Theodor Adorno’s Concept of Negative Aesthetic Experience

Vsevolod V. Alipov
Year: 2024
UDK: 7.01(430)
Pages: 129–137
Language: russian
Section: Philosophy
Keywords: Theodor Adorno, aesthetic experience, modernism, modernist art, constellation thinking, alienation, negation, Arnold Schoenberg
Abstract
This article attempts to present Theodor Adorno’s concept of negative aesthetic experience, which is the logical continuation of development of his negative dialectics theory. In this concept, social substance of a human is dialectically connected with his inherent ability for negation, and that is why it can help to better understand both the contradictory essence of the modernist music and the art as a whole.

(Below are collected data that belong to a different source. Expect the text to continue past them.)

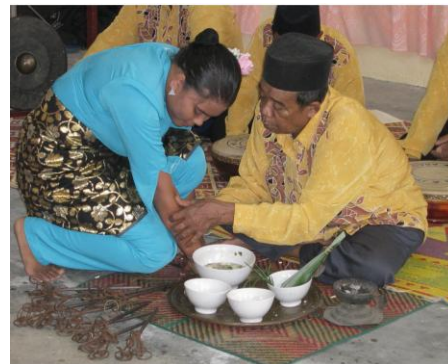
Gambar 6: Penari sedang dijampi luka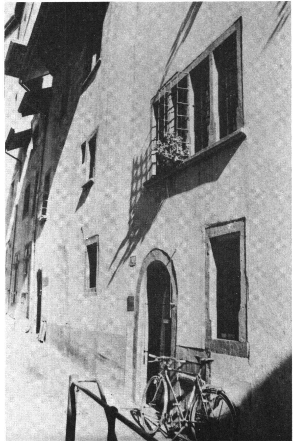
Das “Burgenarchiv” am Stapfelberg

Einige tausend Fotos und Postkarten von Burgen und Schlössern des In- und Auslandes warten in zahlreichen Kästen auf ihre Neuentdeckung. Ebenso ergeht es über 1000 Djapositiven, die für Lichtbildervorträge zur Verfügung stehen.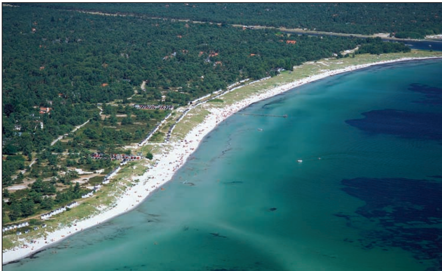
Ljungskogen, med kanalen som ett streck överst i bild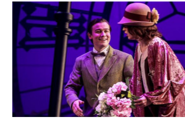
Фото со спектакля

изгнанных. Миражи Серебряного века», новая постановка Академии кинематографического и театрального искусства Н.С. Михалкова.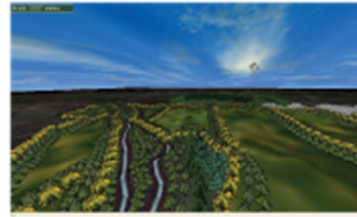
Akarsu kenarı ağaçlandırılmasının 38 gösterimi

1400m yükseltsine kadar Karaçam üzerine Sedir dikildi. Taşlıklarda rüzgârın geldiği yöne göre; Som'lık bir şerit oluşturuldu.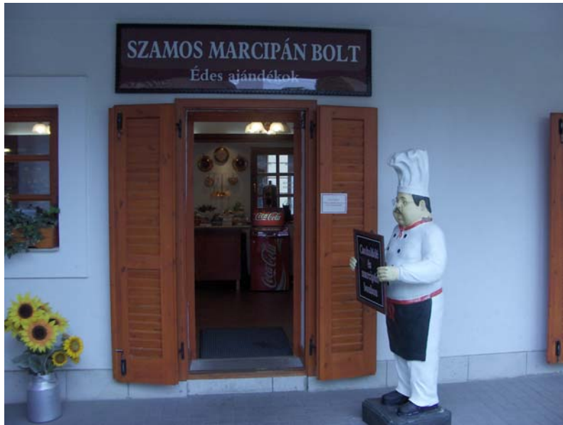
A Kopcsik Marcipánia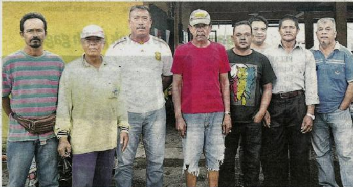
Nelayan mendesak kerajaan mengekalkan pemberian ESH sebanyak RM300 dan tidak menaguhkan bayaran kepada beberapa nelayan lain.

"Kami kecewa dengan situasi yang menimpa sekarang. Kerajaan boleh guna pelbagai usaha lain untuk berjimat-cermat, tetapi tolong jangan ambil duit bantuan nelayan," katanya.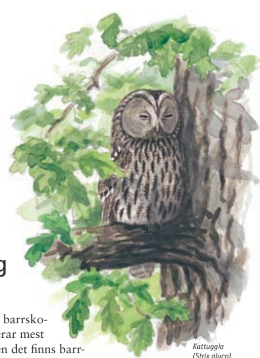
Kattuggla ( Strix aluco ).

För dig som vill vandra i barrskogar erbjuds goda möjligheter vid Hönsäters sjöskog, Gröne skog, Råbäck, Råbäcksk sjöskog, Hellekis och Säten. De speciella kalkbarrskogarna hittar du vid Säten, Hönsäter och Gröne skog.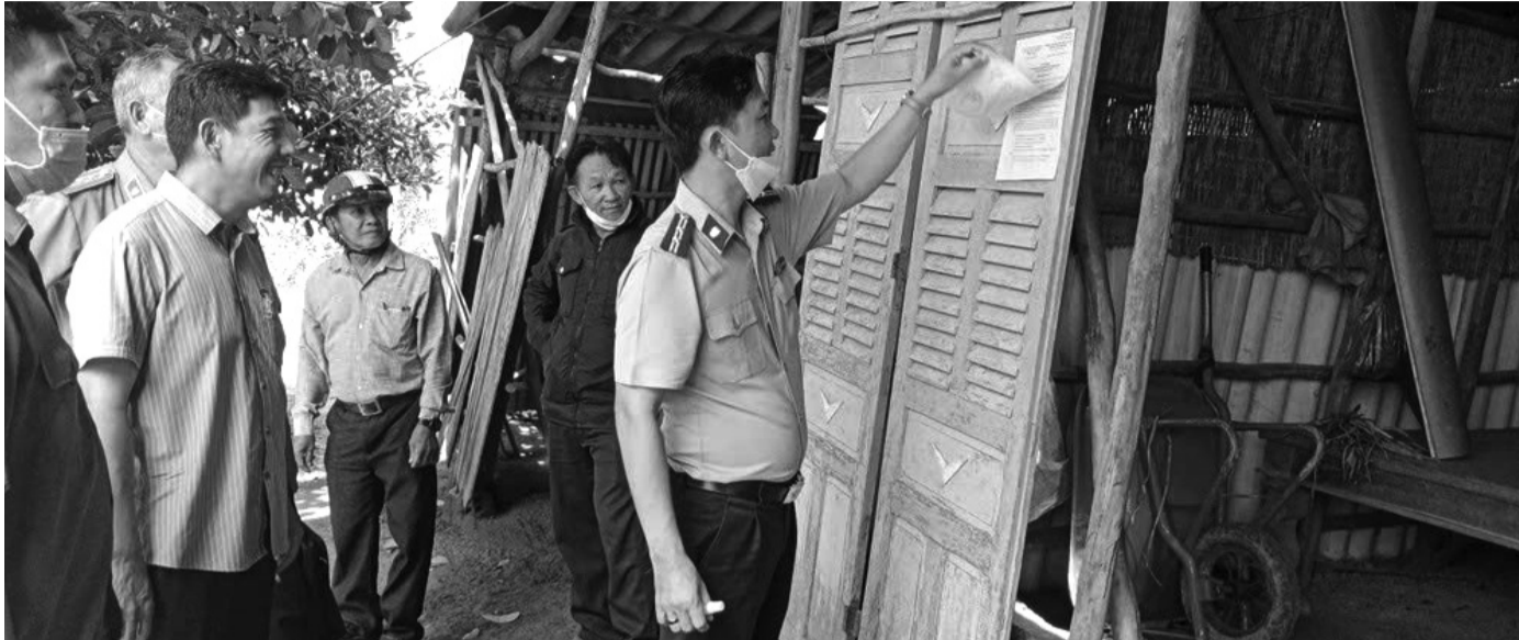
● Chấp hành viên Cục THADS tỉnh Long An làm nhiệm vụ.

Trong thời gian tới, các cơ quan thi hành án dân sự (THADS) tỉnh Long An xác định trọng tâm là tập trung xử lý các vụ việc lớn, phức tạp và những án điểm nóng kéo dài nhiều năm, trong đó có các vụ việc liên quan tín dụng, ngân hàng và doanh nghiệp có giá trị thi hành đặc biệt lớn. Trước áp lực khối lượng tăng đột biến và hàng loạt đại án đang chờ tháo gỡ, toàn ngành đang dồn tổng lực, siết chặt kỷ cương, quyết liệt chỉ đạo để tạo chuyển biến rõ rệt trong giai đoạn nước rút cuối năm.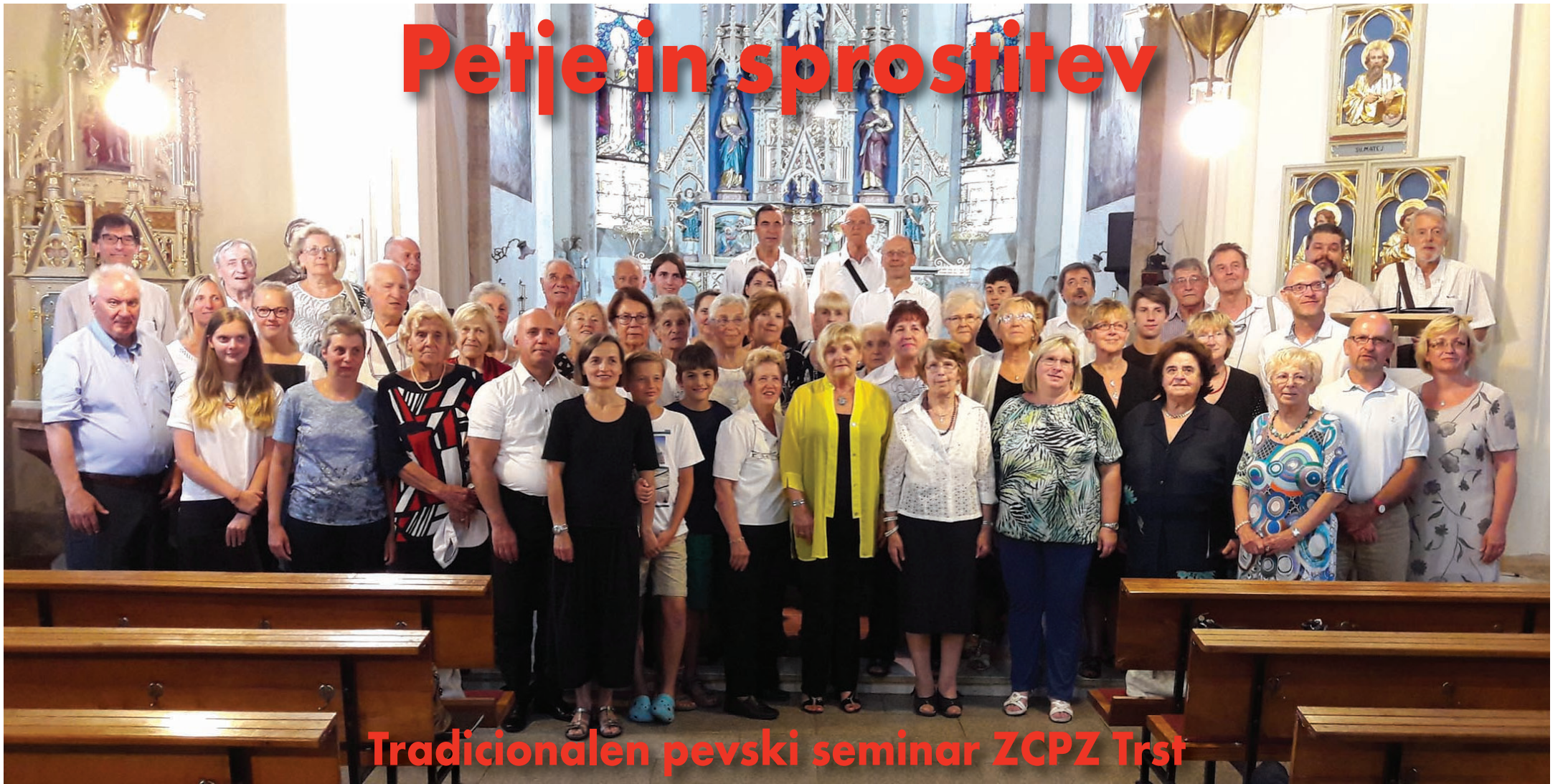
Tradicionalen pevski seminar ZCPZ Trst

Artem E. Radeev’s concept of the aesthetic experience is used as a methodology. According to this concept, the aesthetic experience is a process, which has three consecutive components: aesthetic relation, aesthetic event and aesthetic effect. The author of the article explores Adorno’s constellation type of thinking, which supposes equal distance of all perception objects from the subject. Every element does not follow the previous one, so it breaks the continuality of the logical construct. The article also explores the contradictory nature of art. On the one hand, it is the product of social relations; on the other, it embodies alienation from society. Adorno suggests that apparently calm and balanced artistic images are explosions of the forces at work within them. Their antinomies reflect fierce contradictions of our world. Adorno’s concept of negative aesthetic experience is developed on the basis of the above-noted methodology at the end of the article. It can also be presented as three consecutive components. This concept can be used in analyzing any work of art, which does not follow social standards and demands.